**Activity**
A picture should never appear in your copy. Transcribe the listing exactly from its first line through the line with "Стразы овальная подвеска, жемчужное", both ends included.
= Beginning of Section =
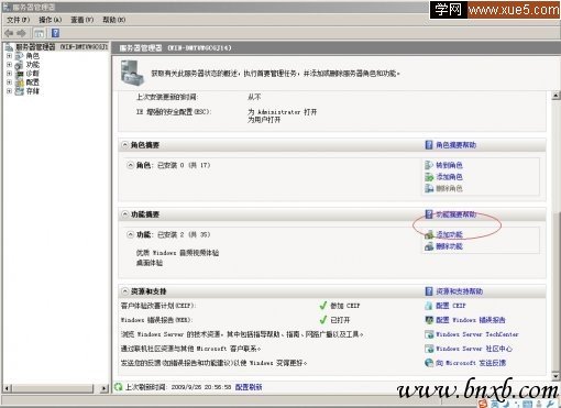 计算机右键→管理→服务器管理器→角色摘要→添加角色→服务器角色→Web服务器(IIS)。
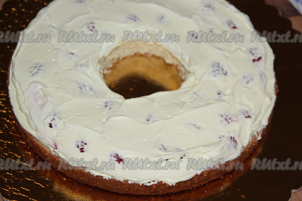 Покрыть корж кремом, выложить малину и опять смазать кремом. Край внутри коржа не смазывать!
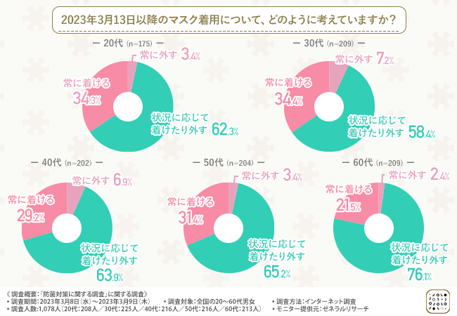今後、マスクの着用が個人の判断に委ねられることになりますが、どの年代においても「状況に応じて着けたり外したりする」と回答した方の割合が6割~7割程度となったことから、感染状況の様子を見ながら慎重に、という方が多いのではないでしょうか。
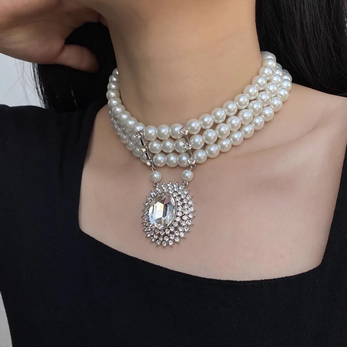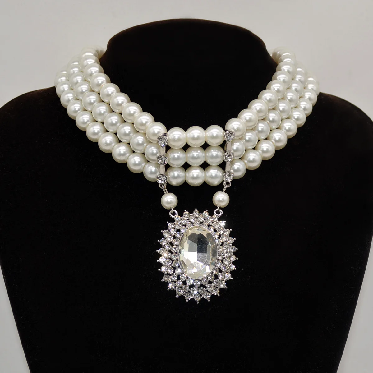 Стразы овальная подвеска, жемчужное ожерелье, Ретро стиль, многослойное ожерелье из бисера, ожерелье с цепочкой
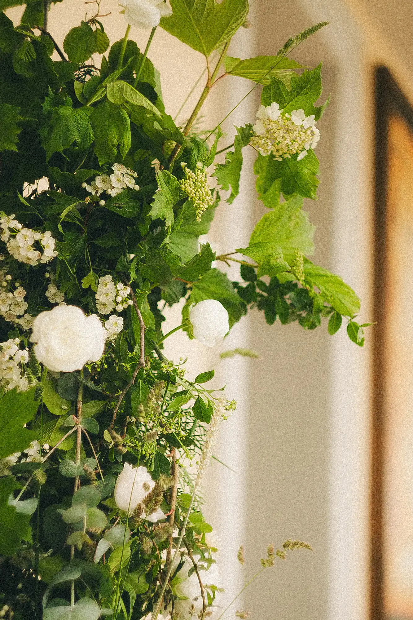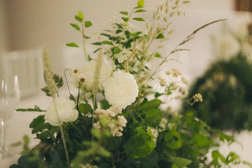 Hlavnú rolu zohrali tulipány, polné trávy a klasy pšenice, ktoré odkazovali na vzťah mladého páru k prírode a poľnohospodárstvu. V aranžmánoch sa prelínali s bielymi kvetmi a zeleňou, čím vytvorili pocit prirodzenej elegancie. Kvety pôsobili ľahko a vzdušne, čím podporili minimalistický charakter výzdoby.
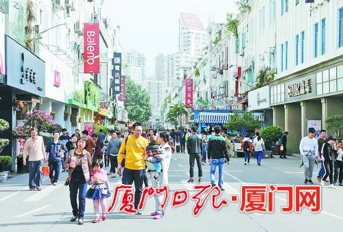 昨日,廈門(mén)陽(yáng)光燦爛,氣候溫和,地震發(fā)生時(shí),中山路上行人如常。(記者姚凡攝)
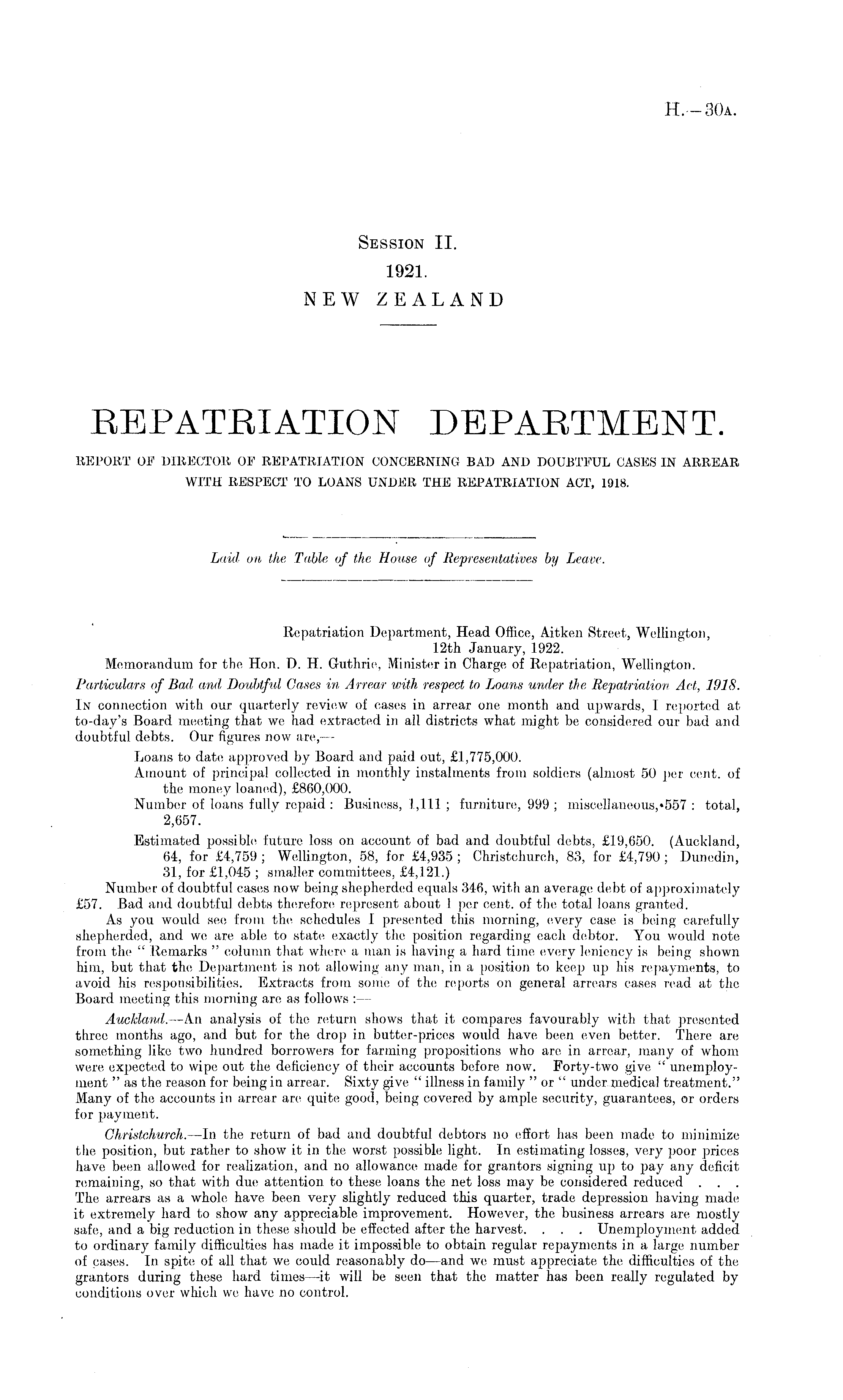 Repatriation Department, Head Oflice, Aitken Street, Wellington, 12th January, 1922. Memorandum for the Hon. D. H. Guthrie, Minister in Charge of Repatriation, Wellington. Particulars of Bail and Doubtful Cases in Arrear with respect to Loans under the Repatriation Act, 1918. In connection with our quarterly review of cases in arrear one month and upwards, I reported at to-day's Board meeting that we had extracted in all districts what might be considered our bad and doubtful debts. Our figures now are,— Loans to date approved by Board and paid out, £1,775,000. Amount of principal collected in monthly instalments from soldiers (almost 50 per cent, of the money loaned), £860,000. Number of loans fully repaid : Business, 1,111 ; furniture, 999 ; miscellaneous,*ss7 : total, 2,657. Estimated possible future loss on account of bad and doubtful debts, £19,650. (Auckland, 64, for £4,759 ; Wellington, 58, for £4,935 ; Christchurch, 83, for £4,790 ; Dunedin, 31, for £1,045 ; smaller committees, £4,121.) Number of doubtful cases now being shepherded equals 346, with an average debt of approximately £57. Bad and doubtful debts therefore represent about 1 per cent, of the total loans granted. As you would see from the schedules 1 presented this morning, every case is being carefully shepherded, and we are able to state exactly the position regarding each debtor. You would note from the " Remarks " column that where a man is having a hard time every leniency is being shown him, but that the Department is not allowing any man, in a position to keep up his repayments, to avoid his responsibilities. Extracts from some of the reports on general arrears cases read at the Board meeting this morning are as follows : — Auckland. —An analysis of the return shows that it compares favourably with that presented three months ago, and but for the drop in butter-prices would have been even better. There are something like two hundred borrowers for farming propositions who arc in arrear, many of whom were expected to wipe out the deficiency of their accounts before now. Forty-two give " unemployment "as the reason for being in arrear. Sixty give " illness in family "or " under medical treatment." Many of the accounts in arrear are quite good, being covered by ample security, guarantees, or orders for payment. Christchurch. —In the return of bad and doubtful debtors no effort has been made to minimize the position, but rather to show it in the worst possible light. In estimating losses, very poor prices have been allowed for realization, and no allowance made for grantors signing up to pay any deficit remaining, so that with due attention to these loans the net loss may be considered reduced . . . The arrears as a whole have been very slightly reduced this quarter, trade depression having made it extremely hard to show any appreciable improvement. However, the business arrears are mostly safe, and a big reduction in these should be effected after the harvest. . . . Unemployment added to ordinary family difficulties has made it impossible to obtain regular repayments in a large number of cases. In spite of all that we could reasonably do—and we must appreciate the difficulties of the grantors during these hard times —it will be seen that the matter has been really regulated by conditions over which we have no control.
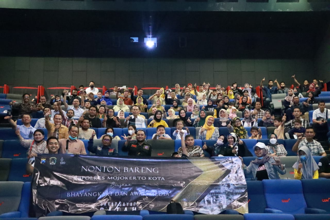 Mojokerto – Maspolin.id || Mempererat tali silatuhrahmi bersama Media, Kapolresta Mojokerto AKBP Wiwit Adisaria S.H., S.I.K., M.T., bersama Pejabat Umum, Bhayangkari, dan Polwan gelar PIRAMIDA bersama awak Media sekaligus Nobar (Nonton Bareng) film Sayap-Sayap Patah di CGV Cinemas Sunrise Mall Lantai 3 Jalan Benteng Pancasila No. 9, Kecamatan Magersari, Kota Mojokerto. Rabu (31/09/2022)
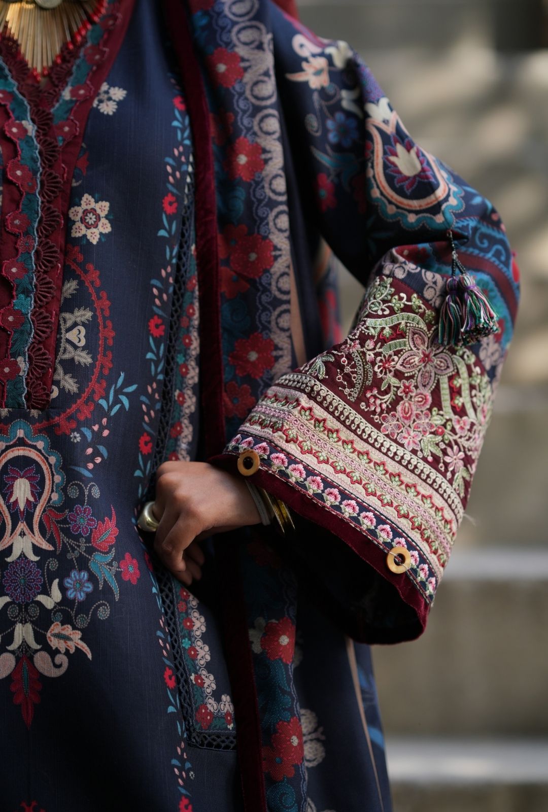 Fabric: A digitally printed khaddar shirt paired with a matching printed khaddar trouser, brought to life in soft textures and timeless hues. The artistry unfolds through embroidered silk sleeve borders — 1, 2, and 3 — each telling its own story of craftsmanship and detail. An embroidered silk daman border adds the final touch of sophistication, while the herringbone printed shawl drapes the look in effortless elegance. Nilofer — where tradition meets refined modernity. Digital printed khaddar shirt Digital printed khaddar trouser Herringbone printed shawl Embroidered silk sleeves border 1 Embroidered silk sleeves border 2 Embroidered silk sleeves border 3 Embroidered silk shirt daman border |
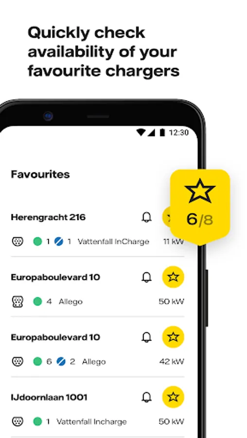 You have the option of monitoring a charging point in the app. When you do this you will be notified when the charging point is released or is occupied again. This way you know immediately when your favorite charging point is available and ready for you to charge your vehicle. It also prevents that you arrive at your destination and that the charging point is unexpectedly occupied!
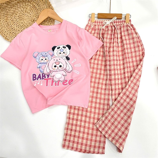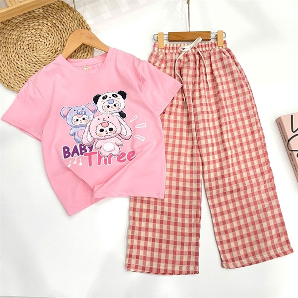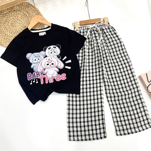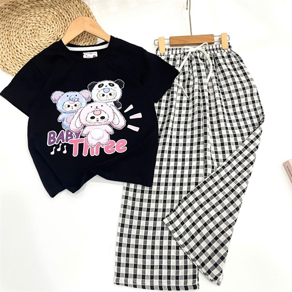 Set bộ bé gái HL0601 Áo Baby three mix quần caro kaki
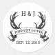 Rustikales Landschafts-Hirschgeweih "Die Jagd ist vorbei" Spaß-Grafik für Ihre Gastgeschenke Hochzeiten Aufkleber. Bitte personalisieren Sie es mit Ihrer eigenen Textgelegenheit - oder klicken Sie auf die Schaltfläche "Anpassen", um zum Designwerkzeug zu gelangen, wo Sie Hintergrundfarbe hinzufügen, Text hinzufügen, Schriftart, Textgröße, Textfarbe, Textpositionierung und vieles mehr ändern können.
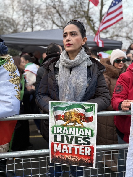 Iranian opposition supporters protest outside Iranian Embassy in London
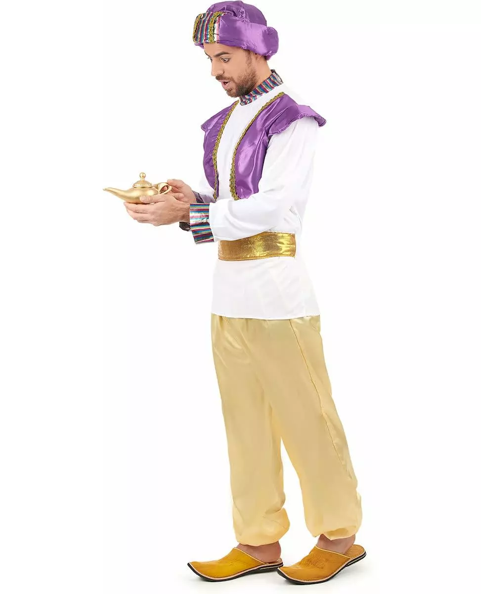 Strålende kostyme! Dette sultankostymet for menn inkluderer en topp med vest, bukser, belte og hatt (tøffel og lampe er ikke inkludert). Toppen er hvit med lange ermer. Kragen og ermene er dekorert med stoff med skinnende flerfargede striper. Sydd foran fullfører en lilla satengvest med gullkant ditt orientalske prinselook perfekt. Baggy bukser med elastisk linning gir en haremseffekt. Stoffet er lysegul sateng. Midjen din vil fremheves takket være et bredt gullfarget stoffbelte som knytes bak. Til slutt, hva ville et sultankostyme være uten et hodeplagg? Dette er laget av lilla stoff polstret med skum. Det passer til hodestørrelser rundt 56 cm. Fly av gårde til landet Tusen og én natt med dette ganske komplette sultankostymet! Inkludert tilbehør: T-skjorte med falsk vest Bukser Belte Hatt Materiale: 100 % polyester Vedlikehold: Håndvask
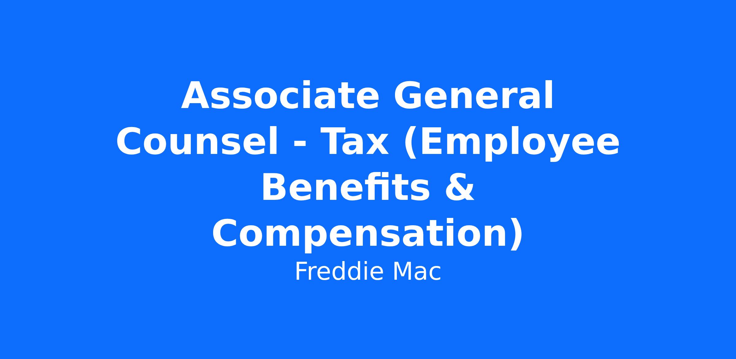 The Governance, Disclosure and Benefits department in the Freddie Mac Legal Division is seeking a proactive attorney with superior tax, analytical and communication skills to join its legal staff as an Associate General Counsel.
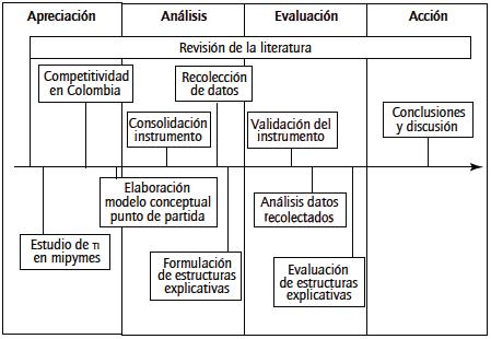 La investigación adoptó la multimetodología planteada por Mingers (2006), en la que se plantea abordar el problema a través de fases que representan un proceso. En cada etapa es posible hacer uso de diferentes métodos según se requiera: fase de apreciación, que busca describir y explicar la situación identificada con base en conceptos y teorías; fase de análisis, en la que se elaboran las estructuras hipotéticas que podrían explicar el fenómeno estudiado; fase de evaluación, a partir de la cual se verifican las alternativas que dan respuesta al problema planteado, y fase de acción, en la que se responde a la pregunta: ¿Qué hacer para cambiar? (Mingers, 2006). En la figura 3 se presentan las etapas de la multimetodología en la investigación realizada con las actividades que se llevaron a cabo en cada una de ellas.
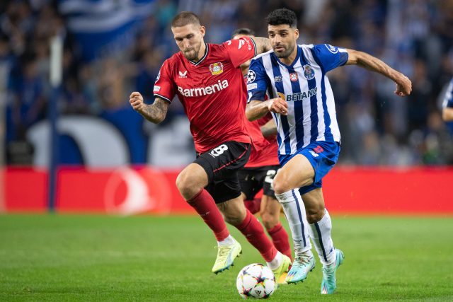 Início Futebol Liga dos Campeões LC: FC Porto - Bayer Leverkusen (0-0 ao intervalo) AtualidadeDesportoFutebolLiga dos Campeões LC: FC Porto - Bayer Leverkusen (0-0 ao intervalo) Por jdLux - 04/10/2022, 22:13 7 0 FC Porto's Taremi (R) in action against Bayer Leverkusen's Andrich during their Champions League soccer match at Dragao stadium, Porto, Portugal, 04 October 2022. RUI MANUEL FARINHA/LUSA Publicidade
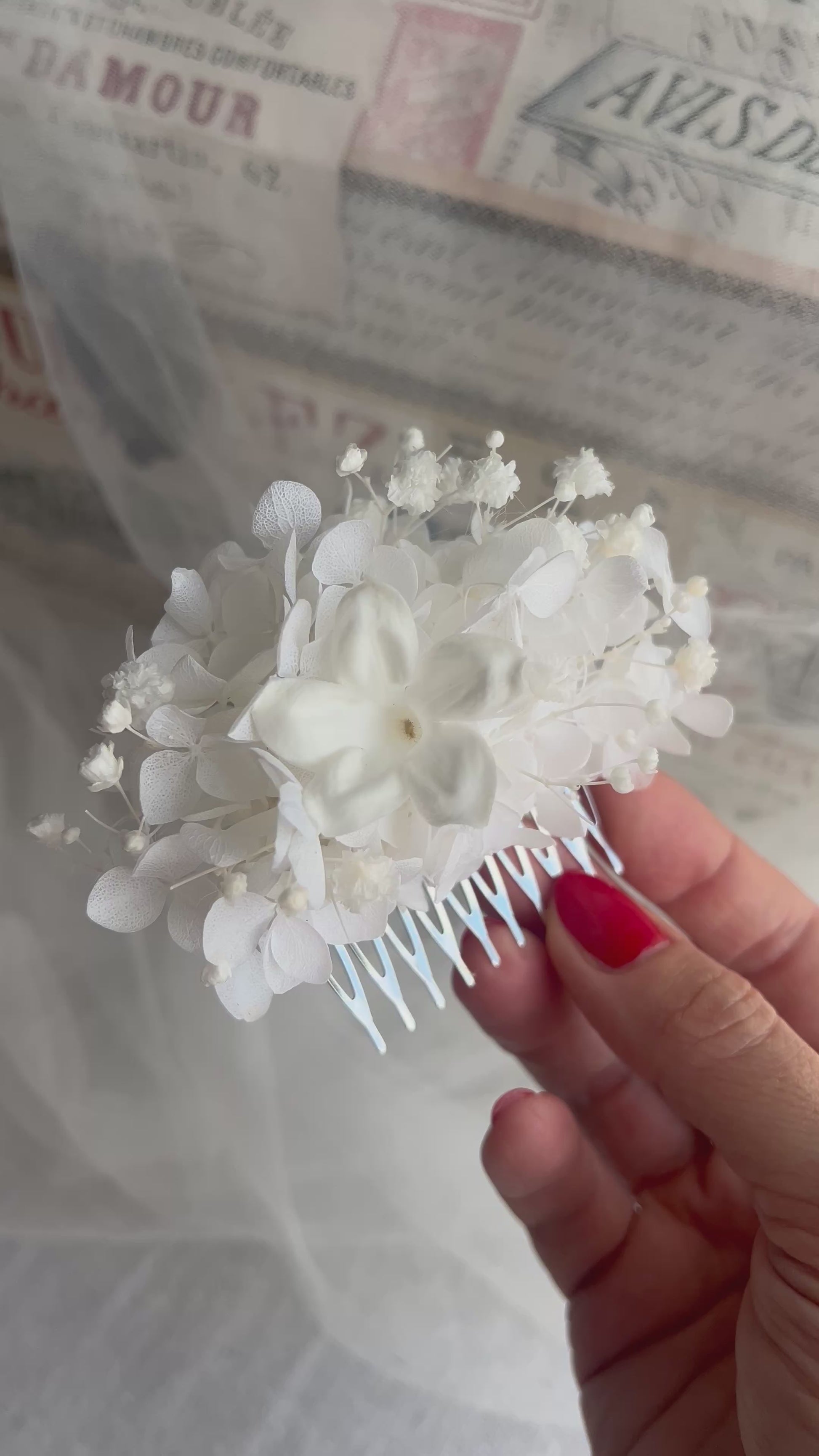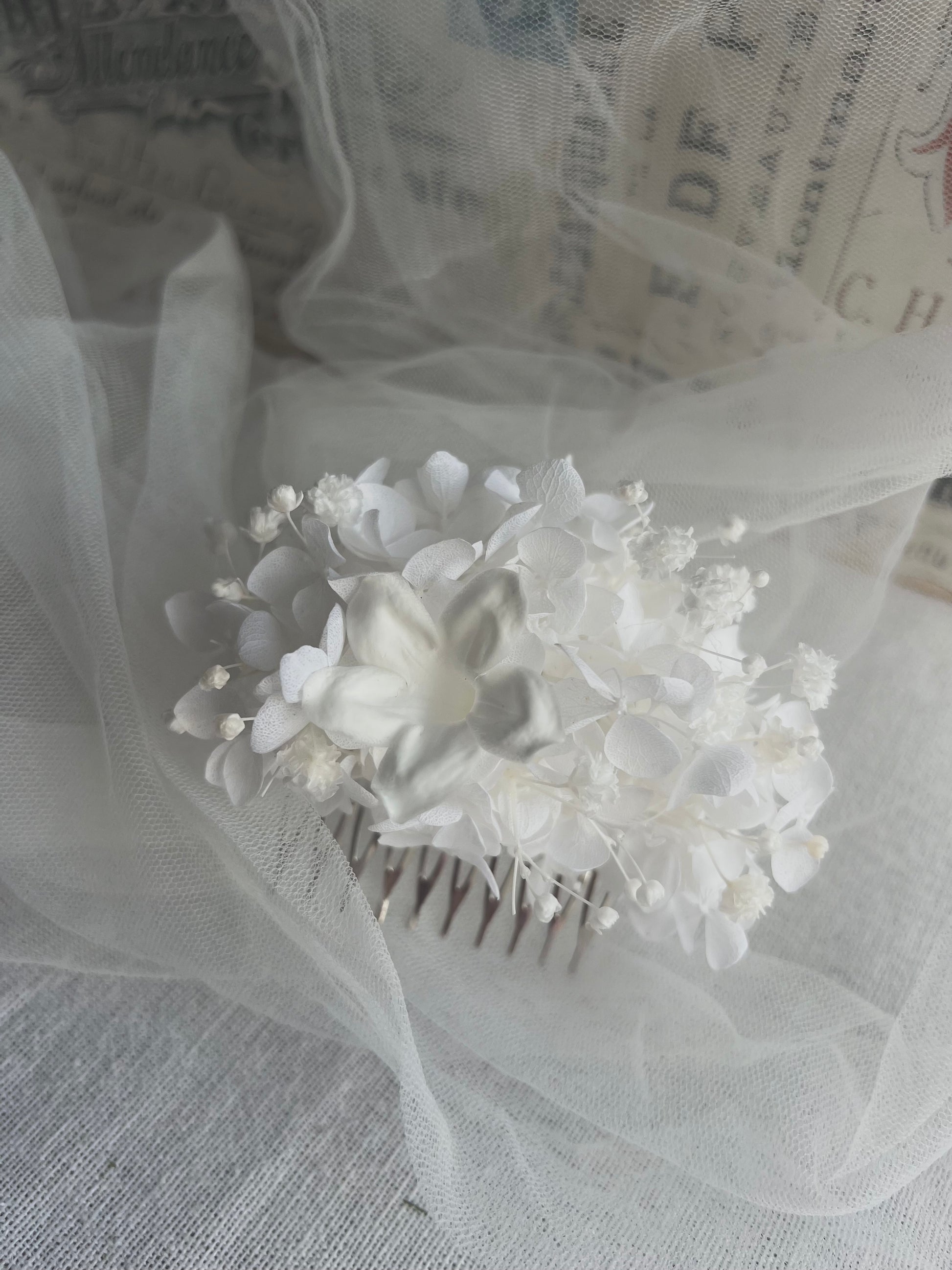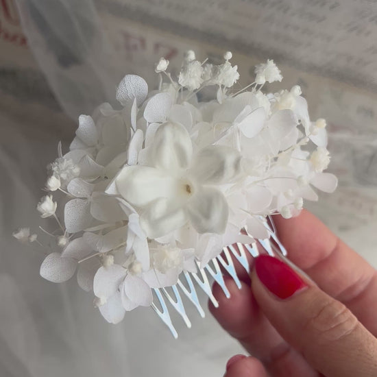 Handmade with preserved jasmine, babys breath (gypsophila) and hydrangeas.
= End of Section =
**Answer box**
 计算机右键→管理→服务器管理器→角色摘要→添加角色→服务器角色→Web服务器(IIS)。
 Покрыть корж кремом, выложить малину и опять смазать кремом. Край внутри коржа не смазывать!
今後、マスクの着用が個人の判断に委ねられることになりますが、どの年代においても「状況に応じて着けたり外したりする」と回答した方の割合が6割~7割程度となったことから、感染状況の様子を見ながら慎重に、という方が多いのではないでしょうか。
 Стразы овальная подвеска, жемчужное ожерелье, Ретро стиль, многослойное ожерелье из бисера, ожерелье с цепочкой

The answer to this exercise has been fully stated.